Field Level Encryption

  • Enterprise
    +
    This is an Enterprise Edition feature.
    Community Edition
    • The push replicator will detect encryptable values inside a document. It will fail to replicate unencrypted encryptable values with a crypto error.

    • The pull replicator will not detect encryptable values inside pulled documents. The document will be saved as it was received. This may include Server SDK encrypted fields

    Overview

    Couchbase Lite for C 3.0.0 supports client-side, field-Level encryption on replications, allowing applications to encrypt/decrypt sensitive fields in documents using an encryption framework of choice.

    Using the new client-side encryption capability, Couchbase Lite C applications can designate selected fields for encryption and have the client automatically handle the encryption and-or decryption at property level during the replication.

    Only clients with access to the correct encryption keys can decrypt and read the protected data.
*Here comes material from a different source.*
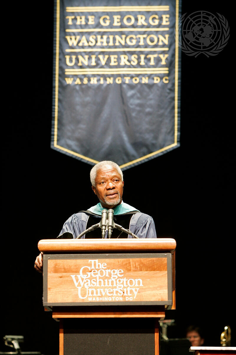 Secretary-General Kofi Annan delivers an address at a convocation ceremony in his honour at the George Washington University in Washington, DC.

    The client-side encryption is compatible with the Couchbase server SDK field-level encryption format — see, for example, https://docs.couchbase.com/python-sdk/current/concept-docs/encryption.html#format

    Encryptable Type

    The API includes a CBLEncryptable type, representing an encryptable value to be automatically encrypted/decrypted the replicator — see Example 1.

    You declare properties requiring encryption by the replicator, as a dictionary with the structure shown in Example 1.
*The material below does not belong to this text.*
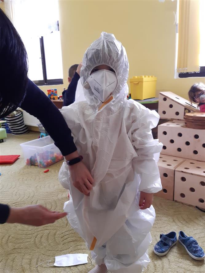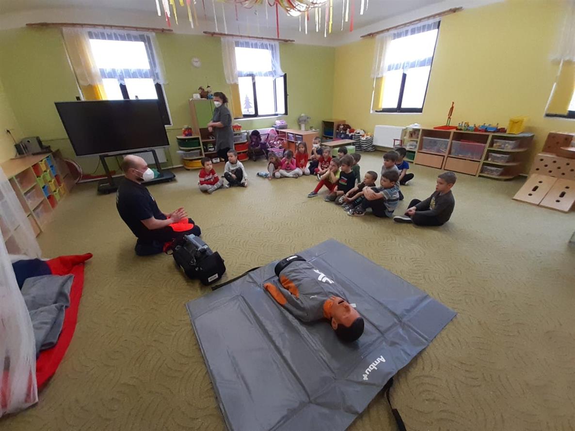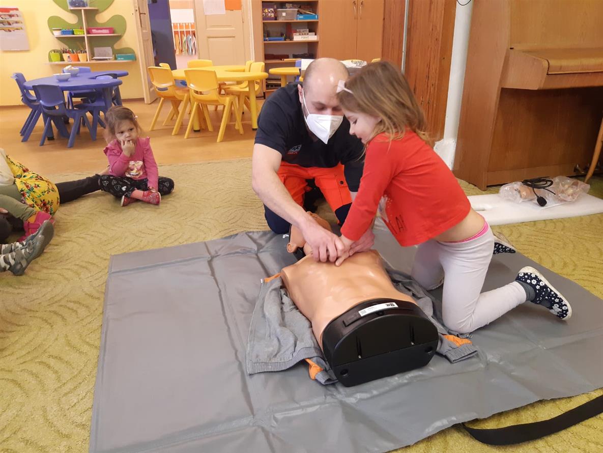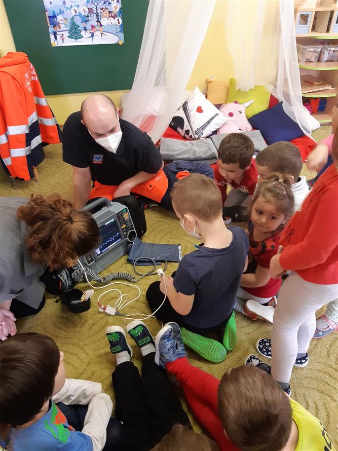 Vzhledem ke covid-19 situaci, jsme se zaměřili i na nemocniční léčbu a dodržování hygienických návyků. Představili jsme si i hasičskou činnost, vyslechli jsme si různé druhy zásahů, netradičních i tradičních. Při zdravotnické návštěvě jsme si poslechli srdíčko, a podívali se na křivku EKG, ukázali si oblek, ve kterém se smí do pokoje s covid pozitivním pacientem a také jsme si jako vždy zavázali ručky, nožky a co nás ještě napadlo. Proběhl nácvik situace, kdy potkáme zraněného člověka a vyzkoušeli jsme si první pomoc.
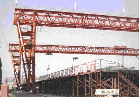 5.预埋件施工,上层基础浇筑之前,沿龙门吊轨道轴线方向间距80cm预埋Φ12mm钢筋用于门式起重机轨道扣轨。

    Example 1. Encryptable-type Dictionary Structure
    {
      "@type": "encryptable",
      “value” : <Decrypted Value>
    } (1)
    
    {
      "@type": "encryptable",
      “ciphertext”: <Encrypted Value in BASE64 String>
    } (2)

    The key for the value can be either of the following:

    1 Use value as the key when storing a decrypted value, which can be any type (string, number, boolean, dictionary, array or null).
    2 Use cyphertext as the key when storing a encrypted value, which must be a BASE-64 String.

    Replicator Decryption

    Pull replication detects encryptable values before saving them to the local database and decrypts them using the property decryption callback function — see: Decryption for more on the decryption callback function.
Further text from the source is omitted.